This (Fig. 1), according to the FBI2 and the United States Census, is the per-capita murder and non-negligent manslaughter (hereafter, in a slight abuse of notation, just called “homicide”) percentage from 1960 to 2014 (data for 2015 were not yet available). Overlaid are the same percentages for just those bodies accumulated from deaths by any type of firearm.

Figure 1: Overall Homicide  and Firearm Homicides Per Year (Percent population)

Figure 1: Overall Homicide and Firearm Homicides Per Year (Percent population)

The first notable is that the two rates track closely, so that whatever is driving changes in the one is likely (but not certainly) driving changes in the other. The second remarkable feature is the abrupt increase in the turbulent 1960s, and the subsequent decline as the people responsible for these cultural excesses began to enter tenure their 50s and 60s, and even to die off in the 2000s and 2010s.

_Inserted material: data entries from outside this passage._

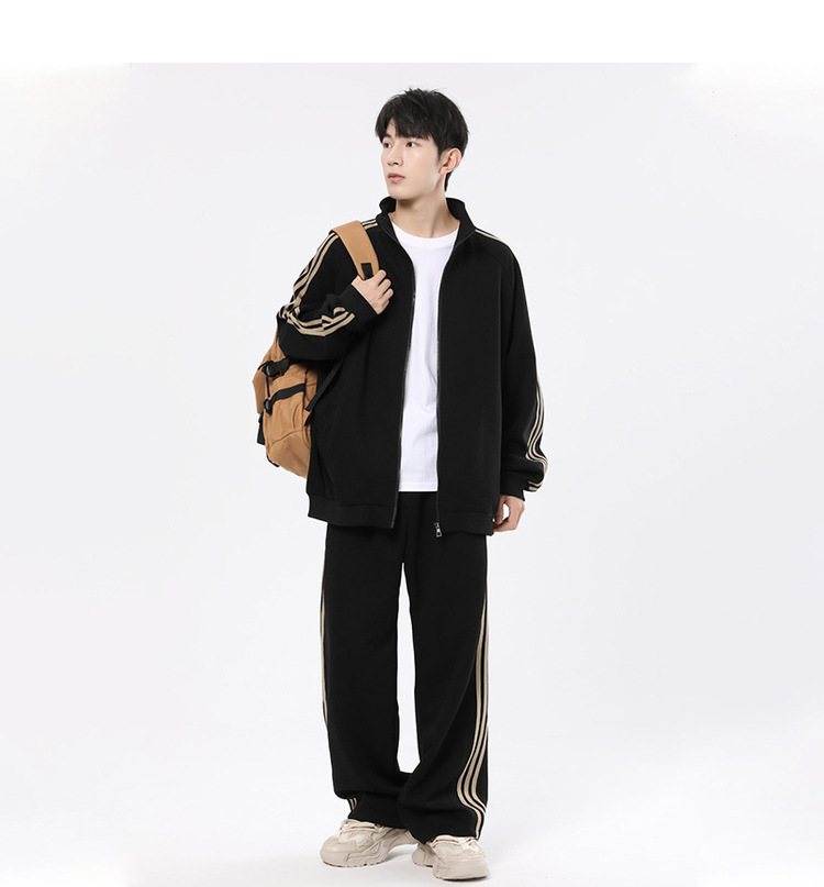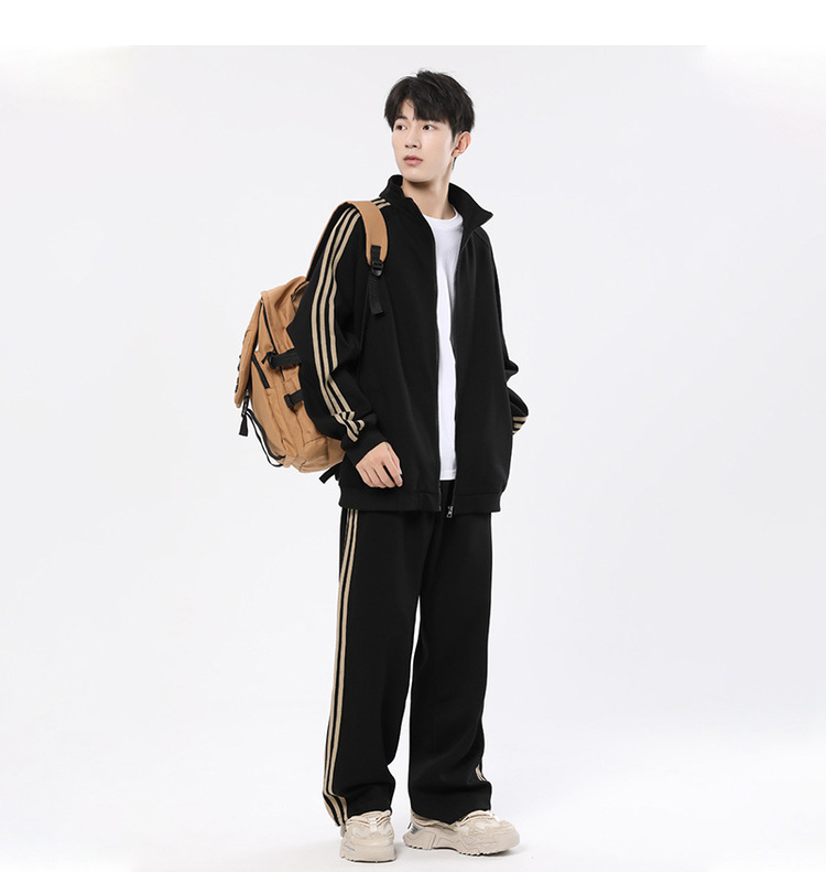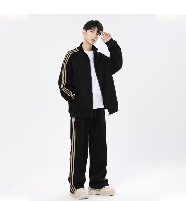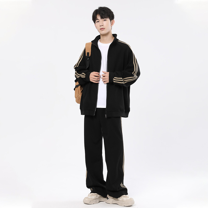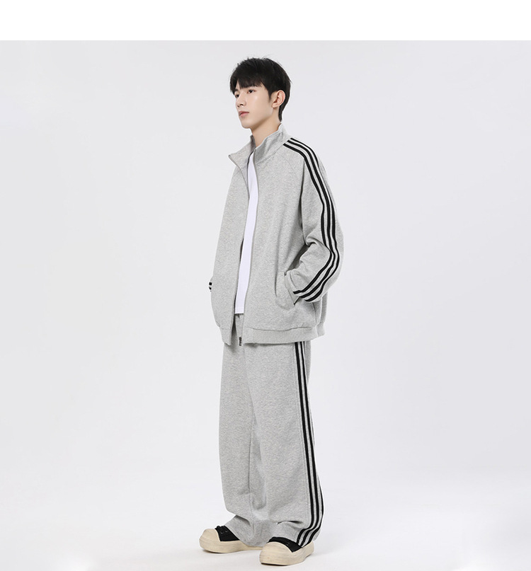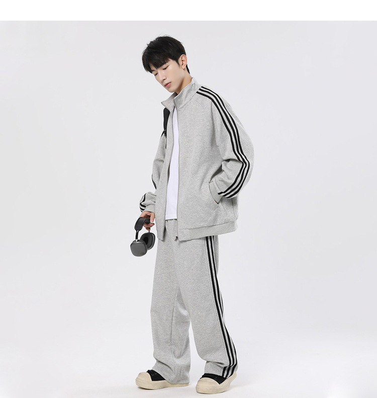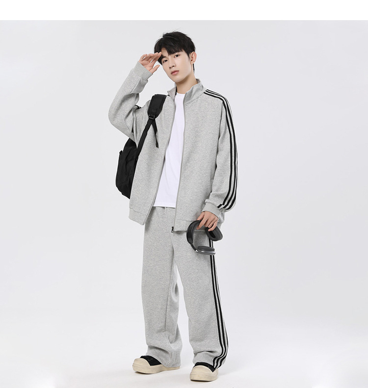 Jian Heng 3 바 느슨한 캐주얼 스포츠 세트 남성 패션 스웨트 셔츠 재킷 스웨트 셔츠 바지 최고 바지 운동복 여성스토어 가기
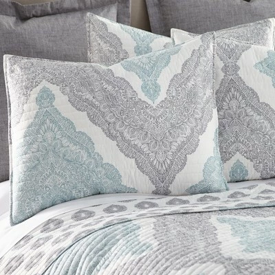 The Montclair Reversible Quilt Set by Levtex Home is inspired by traditional tiling designs. Offered in soft shades of teal and grey, this design will immediately transform your bedroom. Made with the softest lightweight cotton, this reversible quilt features a detailed diamond medallion design on the one side, reversing to ornate mini medallions on the other. The Quilt Set is machine washable and includes the quilt and matching pillow shams. Enjoy this for years to come!
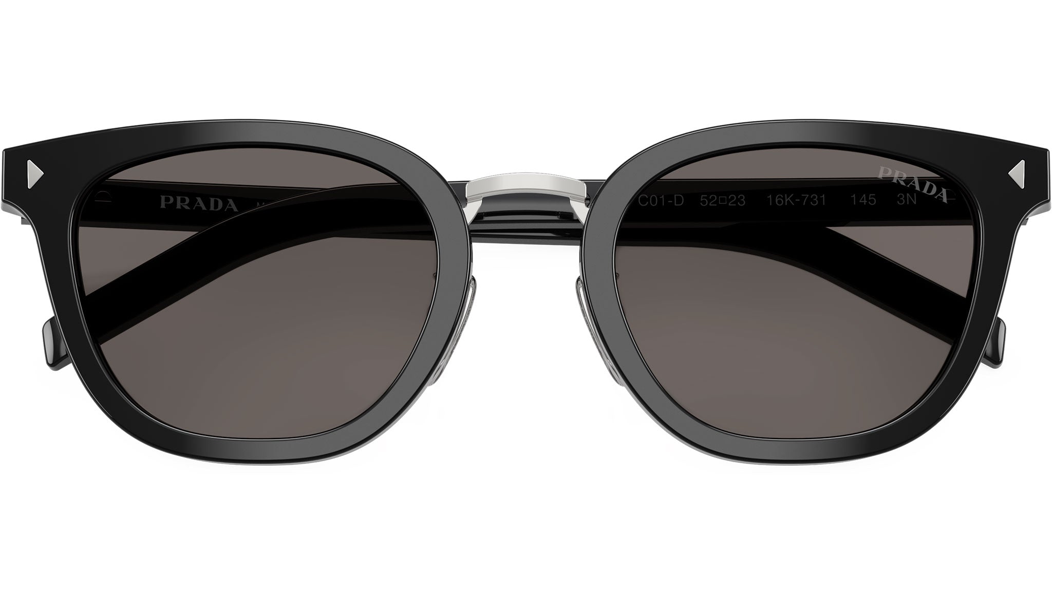 Occhiali da sole Prada PR C01SD 16K731 uomo con montatura cat eye in acetato nero e lenti in cristallo color grigio scuro. Vestibilità a ponte basso. Linea: Heritage. Codice modello: PRC01SD. Codice colore: 16K731. Made in Italy. Rivenditore autorizzato Prada online. Gli occhiali vengono consegnati con custodia e accessori originali e sono coperti dalla garanzia ufficiale di 12 mesi del produttore.
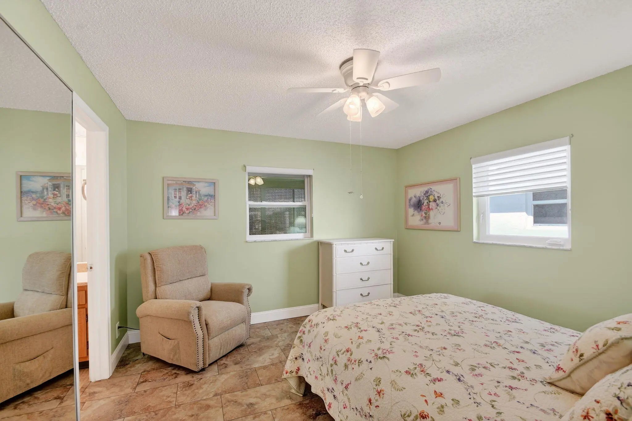 SPACIOUS & BRIGHT! 2BR/2BA Single Family Home in the Active 55+ community of Boynton Leisureville! Move-in ready, freshly painted, meticulously maintained! Popular Regis Model, 1-car garage & double driveway offering many upgrades. Luxury vinyl flooring, new baseboards and IMPACT WINDOWS throughout. Kitchen w/newer appliances, equipped w/extra cabinet space & new stainless farmer's sink. Upgraded window trmnts w/zebra & remote blinds allow for desired lighting. Walk-in closets w/custom built-ins. Primary features a luxurious walk-in Jacuzzi style bath for exceptional ease and comfort. Large screened-in lanai w/a wide open garden view, perfect for entertaining! Front patio is perfect for enjoying your morning coffee. Roof 2014/AC 2023/Tankless HWH. Two blocks to the clubhouse! Offered ... furnished/unfurnished to accommodate various needs. Boynton Leisureville offers an exceptional lifestyle with resort-style amenities and plenty of activities! Low HOA! Pets welcome. Minutes to the beach, Convenient to 95, Shopping, a vast array of Restaurants and vibrant Downtown Delray's Atlantic Ave. A must see!
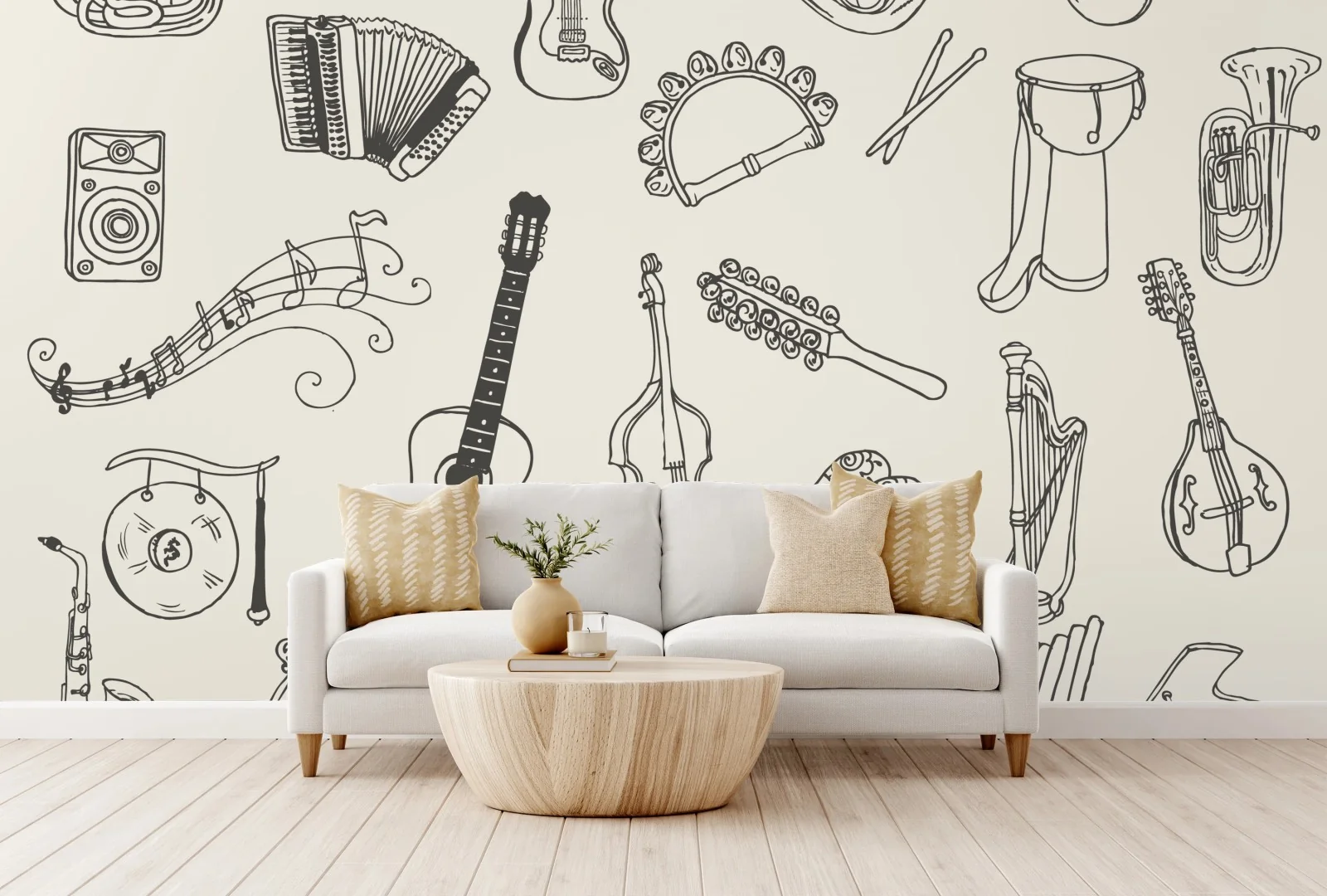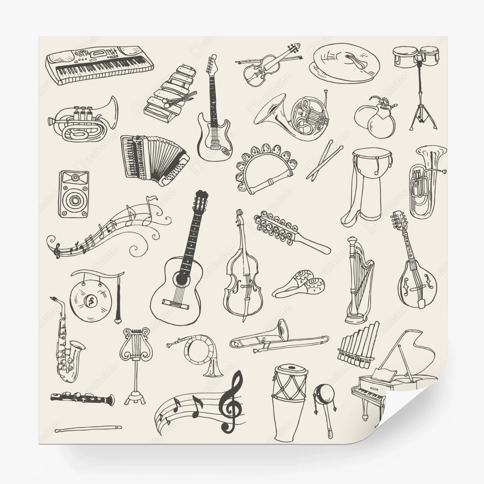 Carta da parati Collage di strumenti musicali disegnati a mano

The percent in 2014 was the lowest on record.

I want to repeat that: The homicide rate in 2014 was the lowest on record since 1960.

And that’s true for all homicides committed with firearms of any type; that is, the lowest number of homicides by firearm was in 2014—although I only could find data from 1975-2014.

Let’s repeat that, too: the lowest number of homicides by firearm was in 2014.

Is your first reaction panic? Deep concern? Do you feel in your gut the need to do something? Then I suggest switching to a decaffeinated brand.

Now let’s look at the shaded region on the plot, which is the time the Orwellian-named “Public Safety and Recreational Firearms Use Protection Act”, i.e. “‘Assault’3 Weapons Ban”, was in force, from 13 September 1994 until the same date in 2004. There does not appear to be much correlation between this ban and the homicide rate: homicides both decrease and increase during the time which it was in force.

If you think there might be a correlation, then look at this plot (Fig. 2), which is the homicide rate for handguns, separated from other firearms4, knifes, blunt objects, and other instruments, which is a catchall including poisonings, strangulations, drownings, and similar forms of mayhem.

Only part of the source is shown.